After listening to the briefing what struck me most was that these are huge changes for a bureaucracy. All the news organizations that currently attend the lock-up must remove their equipment and private communications lines on June 14th and 15th. Going forward, they will use government-owned and maintained equipment and data and telephone lines. This poses a huge technical issue for many of the news organizations.
Some of the reporters for the big financial news agencies expressed concerns that the new systems and rules would lead to “uneven and unfair release of data.” One reporter asked if the DOL no longer cares about the orderly dissemination of data or just that nothing ever leaks.
As far as I could tell, there was contradictory information given on how the technical release of the data will happen.

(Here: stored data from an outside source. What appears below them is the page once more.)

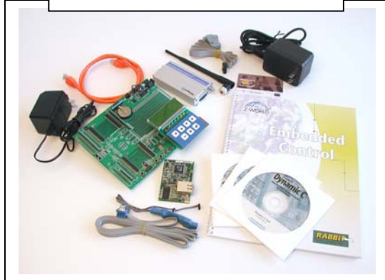
Z-World's M2M Application Kit

AIRDESK is the leading provider of wireless data solutions and services focusing on the rapidly growing machine-to-machine (M2M) and telemetry market segments. AIRDESK specializes in offering products and services to corporate entities that integrate wireless data modules for their own needs, as well as to integrators and original design manufacturers developing wirelessly enabled solutions for various embedded commercial and industrial applications. As a one-stop wireless resource, AIRDESK is in the unique position of being able to objectively draw from virtually any wireless product technology to deliver the best solution for a customer's needs, as well as to facilitate provisioning and account activation through the nation's leading wireless service providers.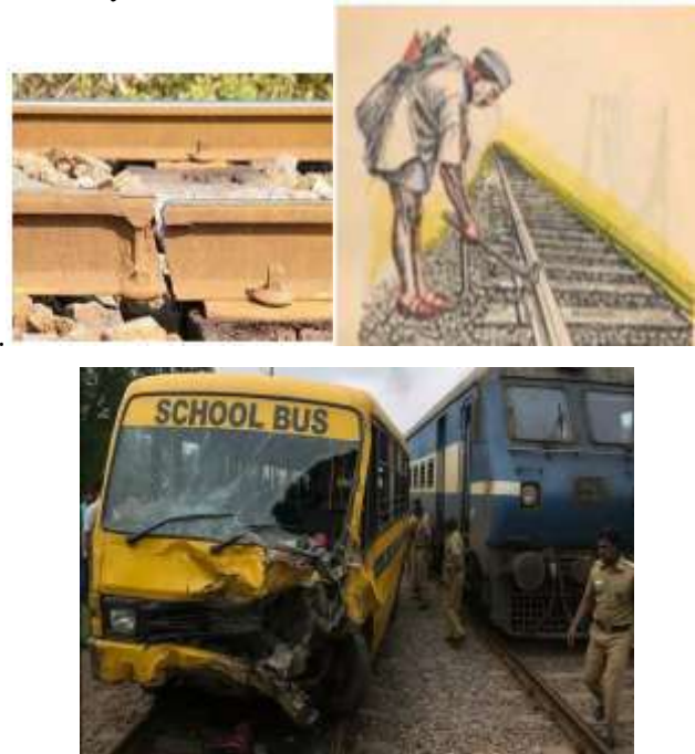
Figure 1. Crack on track, Manual crack detection by human and railway accidents

Despite significant advancements, several challenges persist in the implementation of automated railway crack detection systems. High deployment costs, integration complexity, power management issues, and limited scalability hinder large-scale adoption. Furthermore, many existing systems lack precise fault localization and rapid alert mechanisms required for immediate corrective action. There is a need for cost-effective, scalable, and energy-efficient IoT based systems with real time remote reporting and accurate crack detection. The goal of this paper is to critically examine the latest contributions to the research on the system of crack detection in railway tracks and the development of IoT-based, sensor-based, embedded systems, and wireless communication models. This study will make it possible to create advanced, reliable and intelligent railway monitoring systems that will improve the safety and efficiency of passengers and operations by establishing the current trends, limitations and research gaps.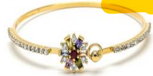
GOLD LAYERED 07.97.0031 INDIVIDUAL BANGLE, FLOWER DESIGN, WITH CUBIC ZIRCONIA, GOLD TONE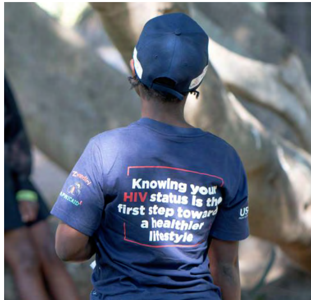
Figure 5. YMM staff member outside the head office

These young mothers are at high risk of complications when they travel, not only because of their HIV status, but also because they are often carrying children and are possibly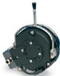
INTORQ BFK458 Spring-applied Brake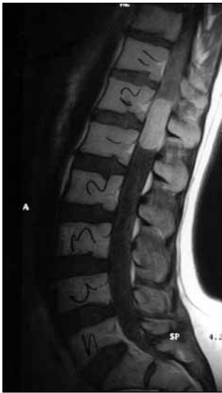
Figure 1: Sagittal T1-weighted magnetic resonance image with contrast revealing the lesion at conus medullaris level.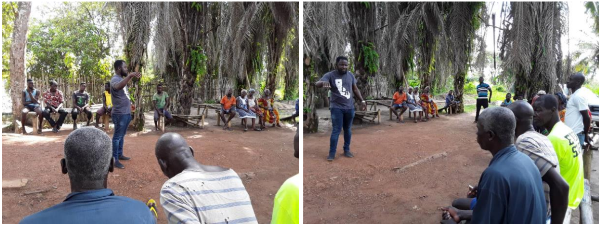
Figure 4. Facilitator using gestures to illustrate and explain a point to participants

Mangrove harvesters are now sensitized and educated to use mangrove resources sustainably. They expressed satisfaction with replanting efforts already conducted in cleared zones. They promised to utilize the skills they had acquired through the training to ensure that the mangroves resources bequeath to them by their forefathers are utilized in a way that their offspring would also be able to benefit from the resources. They however asked that public education be intensified to ensure voluntary compliance by mangrove harvesters in other communities fringing the Ankobra Estuary. They also asked that replanted areas be identified and marked as conservation site to ensure proper restoration and regeneration. They also asked that some form of accreditation be given to mangrove harvesters who harvest mangroves in a sustainable way to serve as an encouragement to other harvesters.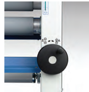
Manual nip adjustment with height gauge for precise operation.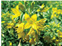
Isomeris arborea - bladderpod

California native plant; one of the only native shrubs that blooms year round; yellow flowers attract beneficial insects and hummingbirds to the garden and then develop into attractive seed pods.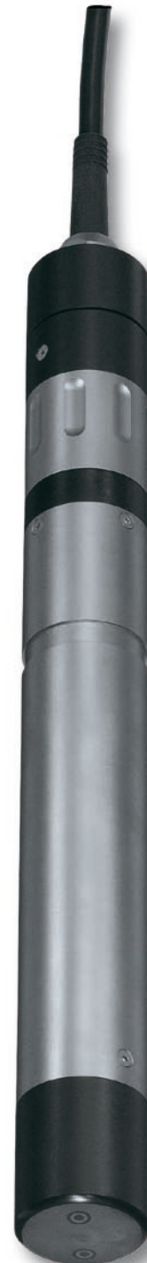
TetraCon® 700 IQ

Compared to the 2-electrode sensors, the TetraCon® 4-electrode measuring procedure offers considerable application targeted advantages, especially in the area of higher conductivities.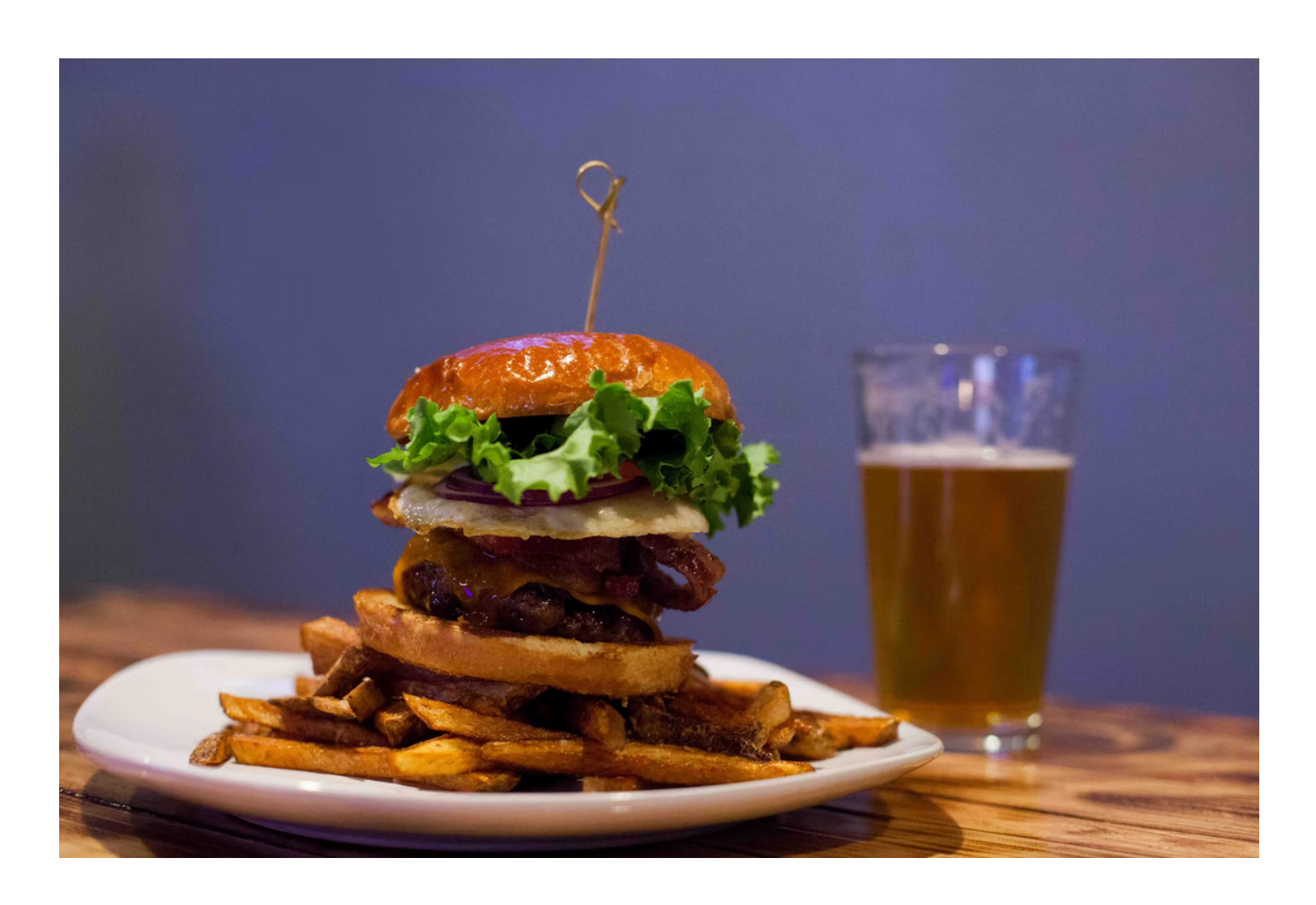
Pictured: Prohibition Gastropub Bootleg Burger

Before heading back to the hotel, cozy up to a romantic nightcap at any of these downtown <u>liquor dens</u>. With names like <u>Volstead Act</u>, <u>Purgatory</u>, Hogwash, and Cease & Desist--a good time is guaranteed for all.

In answer to his question, one reporter was told that journalists in the lock-up will be able to transmit HTML files using a Win/ FTP client, but then an official for the Bureau of Labor Statistics said all information would be released in Word documents that will be transferred at precisely 8:30 a.m. after which news agencies will have to “get it efficiently” into their own systems.
I’ll admit that I don’t have enough technical knowledge to evaluate whether the first situation could work effectively. (Maybe some of my helpful anonymous sources will be good enough to chime in in the comments or send me an email at ann.brocklehurst@gmail.com.) But the second option outlined by the BLS official sounds like crazy talk to me. If everyone’s left having to deal with Word documents at 8:30 a.m. on July 6, when the new lock-up rules go into effect, it’s going to be complete freaking chaos, especially if the numbers are big news, which they well might be — both for traders and politicians.
I have to say, I wasn’t impressed with some of the officials’ lack of knowledge, but that could be because the people who did the talking during the call aren’t the ones who have the actual technical know-how.
What did strike me when it was all over is that someone very high up must have asked for these changes because this is not the type of thing bureaucrats do by choice. And that means some very powerful people must be unhappy with what’s been going on in lock-ups for the past few years and have decided it needs to be fixed NOW.
It’s difficult to believe that they would be this upset if it were just a few pipsqueak players like Need to Know News (NTKN), RTTNews, Potomac Radio News and the now-defunct CEP News involved. If that were the case, surely the solution would have been to just kick the problem organizations out.
When asked about the reasons for the changes by various different reporters, Fillichio repeatedly declined to comment. All he said was that “the world has changed” in the 10 years since lock-up procedures were last thoroughly reviewed and that it was a “prudent business decision” to implement new procedures. “There’s no current problem,” he said. “I’m trying to prevent a problem.”
So, what problem is it that he’s trying to prevent and who’s pulling the strings? Who demanded this be fixed now after a known and documented problem hass been allowed to persist for years? And why are the names of the two different news organizations who have broken lock-up rules in the past two years being kept secret?
As always, you can reach me at ann.brocklehurst@gmail.com. No theory is too wild to entertain.
Background info: In about 2006, Need to Know News (NTKN) was admitted to DOL lock-ups despite well-known rumours that it was not strictly a news agency and that it was tied to JED Capital, a Chicago proprietary trading firm.
CEP News arrived on the scene in 2007. Backed by the Montreal prop trader/hedge fund Vigilant Futures (now Vigilant Global), it concealed some of its sources of funding. It was temporarily admitted to lock-ups in Washington and London by hiring reporters who already had valid press credentials.
RTTNews, which was recently accredited by the DOL to attend lock-ups after Potomac Radio News closed up shop and its reporter Michael Duncan left town for the midwest.